Traditional research methods based on intuition and trial-and-error have already revealed the great potential that polymer materials hold. However, new approaches are required to identify and develop novel applications given the macromolecular structural variety of specific polymer materials. The emerging field of polymer informatics aims to answer this demand by employing AI- and ML-based methods for data- and information-centric research.

How Can Polymer Informatics Help Polymer Research?

Building reliable empirical models based on fundamental physical and chemical properties can facilitate the prediction of polymer characteristics. Polymer Genome is an ML-based tool capable of rapidly predicting a variety of polymer properties. The prediction models used in Polymer Genome are trained on existing polymers databases, experimental polymer data, or first principles computations. 

In polymer informatics, a large pool of chemically or synthetically feasible polymers can be used for high-throughput screening of potential candidates by applying predictive models relevant to the target material properties.

Polymer synthesis can be a costly and labor-intensive process; thus, experimental design algorithms can be an ideal solution to minimize the number of new experiments required to reach a design goal. Such algorithms exploit the knowledge embedded in existing data to suggest which candidates may best satisfy the design goal.

Key Developments in the Polymer Industry Using AI and ML

The polymer materials must meet several desired property requirements to be a good candidate for any specific application. With sufficiently large datasets to support the use of modern ML technology, polymer informatics can be a powerful tool for the discovery of novel polymers. Many research groups adopt data-driven approaches to polymer design and significantly improve their productivity of developing new functional polymers for the rapidly expanding market of polymer materials.

Polymer Dielectrics for Energy Storage

With the growing demand for polymer-based high-performance energy storage capacitors, polymer informatics can significantly facilitate discovery of novel polymer dielectrics.

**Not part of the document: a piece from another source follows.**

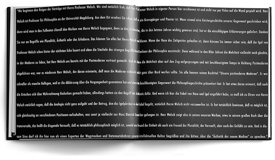 Im Zuge meiner Festanstellung gestaltete ich diese 76seitige Selbstdarstellung der Agentur. Deren Grundlage war eine Vortragsreihe zu Themen aus Kunst, Kommunikation und Wissenschaft, die die Agentur anlässlich ihres Umzugs in das schöne alte Katasteramt der Stadt Düsseldorf für Mitarbeiter, Freunde und Kunden veranstaltet hat. Die Projekte auf den hier abgebildeten Seiten wurden von mir als Art Directorin begleitet.

Defining multiple desired properties, such as high glass transition temperature and dielectric strength, combined with computation and data-driven ML strategies, has resulted in developing and synthesizing novel dielectric films; these have shown excellent thermal stability at extreme temperatures.

Polymer Electrolytes for Li-Ion Batteries

Another example where AI-based property prediction models and design algorithms have proven successful is the development of safer solid polymer electrolyte materials for rechargeable Li-ion batteries. A research group from the Department of Materials Science and Engineering at MIT in the USA used ML-aided coarse-grained molecular dynamics simulations to design polymer electrolytes with high ionic conductivity and enhanced electrochemical stability. Their research was published in the journal Chemistry of Materials on April 22nd, 2020.

Conducting Polymers for Electronic Applications

Although most polymers are insulators, a class of intrinsically conducting polymers called conjugated polymers is extensively used in light-emitting diode and organic solar cells applications. Molecular doping can enhance the electrical properties of polymers, but discovering optimal polymer-dopant pairs providing optimal conductivity can be a time-consuming process given the complex nature of the electron transfer processes in polymers. Several high-performing donor/acceptor pairs for organic solar cells were recently discovered by employing regression-based property prediction models for organic molecules.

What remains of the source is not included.